## PROBLEM DETAILS
Some of the lines below need repeating. Reproduce exactly those between the lines holding "Deze trofee in" and "yours soon... |", inclusive.

## DATA SHOWN

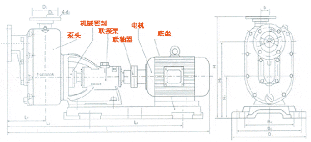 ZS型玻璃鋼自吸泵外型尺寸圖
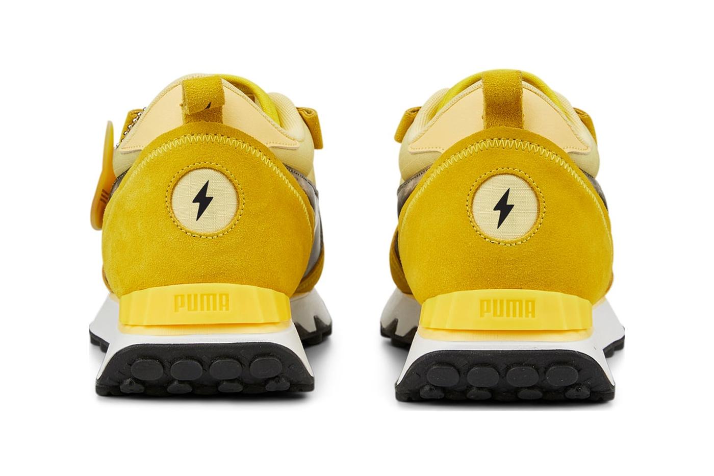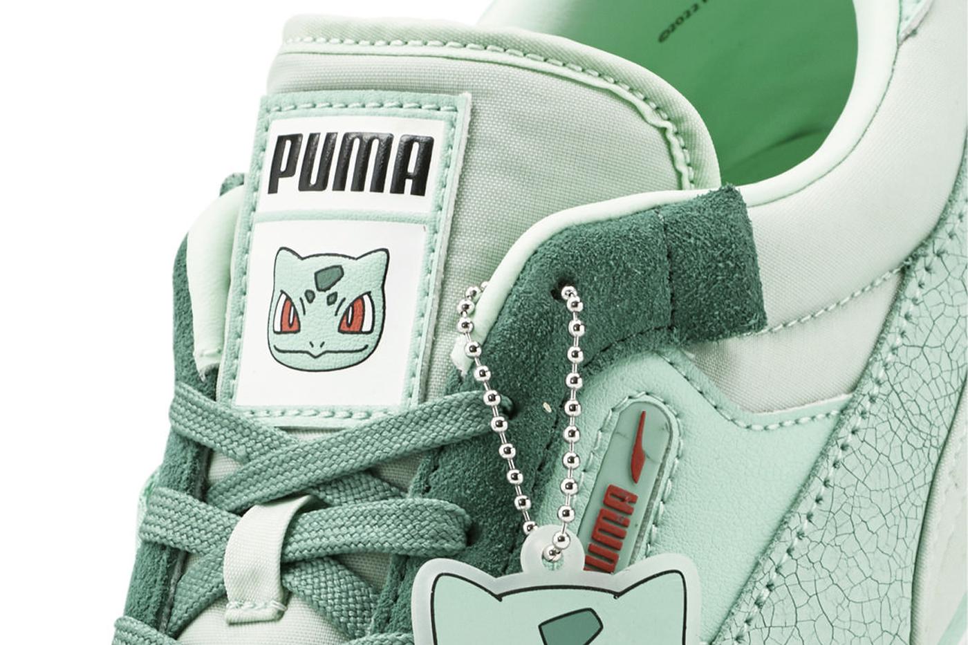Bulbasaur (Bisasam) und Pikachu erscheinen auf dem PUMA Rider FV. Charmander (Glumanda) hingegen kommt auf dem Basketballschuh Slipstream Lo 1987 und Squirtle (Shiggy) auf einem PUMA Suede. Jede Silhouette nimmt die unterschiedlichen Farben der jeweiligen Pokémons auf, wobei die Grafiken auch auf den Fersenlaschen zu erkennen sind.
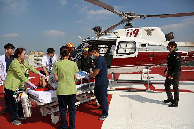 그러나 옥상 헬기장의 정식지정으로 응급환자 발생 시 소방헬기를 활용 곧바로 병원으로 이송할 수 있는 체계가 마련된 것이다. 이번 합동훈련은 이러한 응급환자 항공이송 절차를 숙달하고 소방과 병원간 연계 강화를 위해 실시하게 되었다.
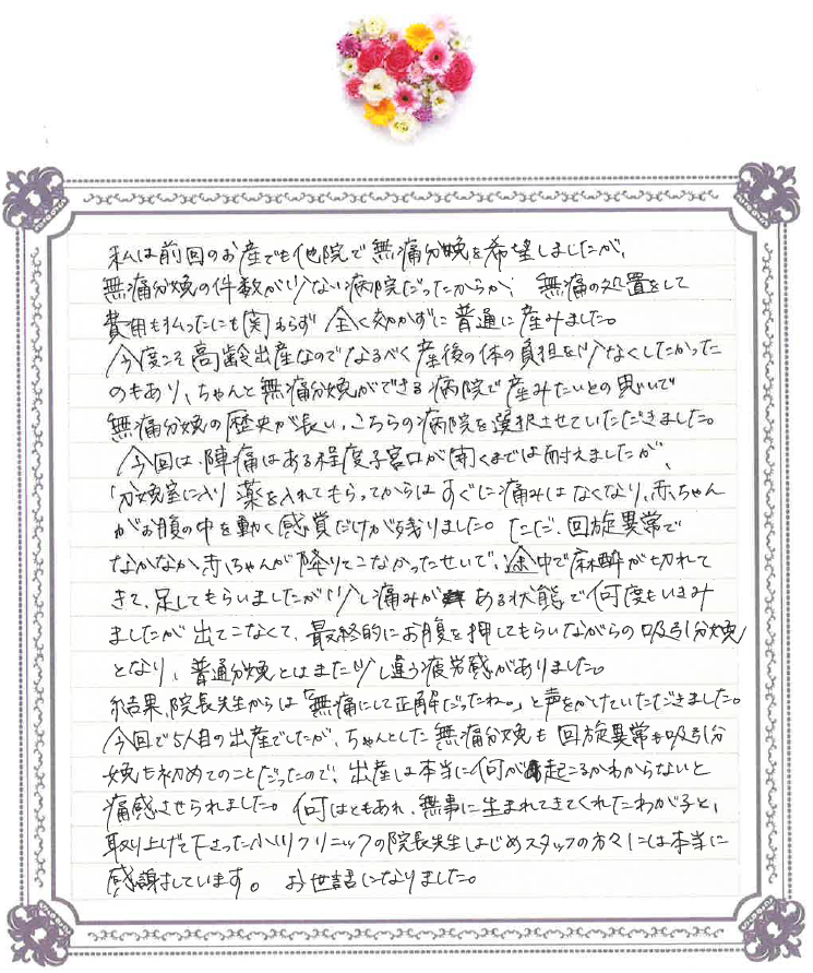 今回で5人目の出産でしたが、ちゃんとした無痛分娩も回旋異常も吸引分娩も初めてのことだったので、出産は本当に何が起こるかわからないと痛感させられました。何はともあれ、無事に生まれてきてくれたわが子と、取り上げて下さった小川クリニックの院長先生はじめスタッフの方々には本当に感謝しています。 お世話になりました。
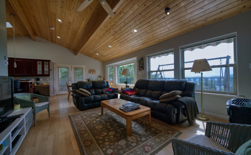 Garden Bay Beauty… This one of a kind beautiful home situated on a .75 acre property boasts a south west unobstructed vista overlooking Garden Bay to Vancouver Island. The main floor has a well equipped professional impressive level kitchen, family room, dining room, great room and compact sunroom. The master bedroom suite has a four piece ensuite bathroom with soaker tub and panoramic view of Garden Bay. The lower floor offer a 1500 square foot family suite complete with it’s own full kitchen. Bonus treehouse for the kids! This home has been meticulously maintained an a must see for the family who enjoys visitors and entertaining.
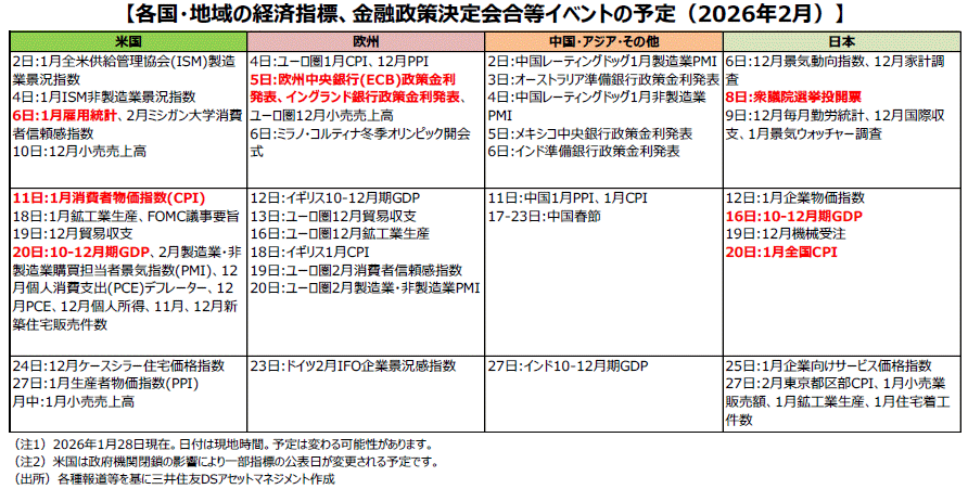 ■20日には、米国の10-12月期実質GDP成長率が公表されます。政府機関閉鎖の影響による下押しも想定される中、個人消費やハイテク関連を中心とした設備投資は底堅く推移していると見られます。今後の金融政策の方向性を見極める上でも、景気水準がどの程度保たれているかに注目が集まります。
...
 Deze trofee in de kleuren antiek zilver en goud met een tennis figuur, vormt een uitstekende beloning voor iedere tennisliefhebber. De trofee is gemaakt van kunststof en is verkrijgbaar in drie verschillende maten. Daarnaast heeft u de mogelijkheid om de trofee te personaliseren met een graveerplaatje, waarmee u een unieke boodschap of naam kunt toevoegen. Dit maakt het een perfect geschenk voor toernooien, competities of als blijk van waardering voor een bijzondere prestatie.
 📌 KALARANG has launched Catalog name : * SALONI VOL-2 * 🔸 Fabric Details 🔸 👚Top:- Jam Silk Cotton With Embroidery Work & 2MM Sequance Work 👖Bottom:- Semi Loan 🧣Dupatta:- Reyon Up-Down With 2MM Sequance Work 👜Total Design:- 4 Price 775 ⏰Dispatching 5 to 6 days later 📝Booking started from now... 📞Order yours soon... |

## OUTPUT FOR THIS TASK
 Deze trofee in de kleuren antiek zilver en goud met een tennis figuur, vormt een uitstekende beloning voor iedere tennisliefhebber. De trofee is gemaakt van kunststof en is verkrijgbaar in drie verschillende maten. Daarnaast heeft u de mogelijkheid om de trofee te personaliseren met een graveerplaatje, waarmee u een unieke boodschap of naam kunt toevoegen. Dit maakt het een perfect geschenk voor toernooien, competities of als blijk van waardering voor een bijzondere prestatie.
 📌 KALARANG has launched Catalog name : * SALONI VOL-2 * 🔸 Fabric Details 🔸 👚Top:- Jam Silk Cotton With Embroidery Work & 2MM Sequance Work 👖Bottom:- Semi Loan 🧣Dupatta:- Reyon Up-Down With 2MM Sequance Work 👜Total Design:- 4 Price 775 ⏰Dispatching 5 to 6 days later 📝Booking started from now... 📞Order yours soon... |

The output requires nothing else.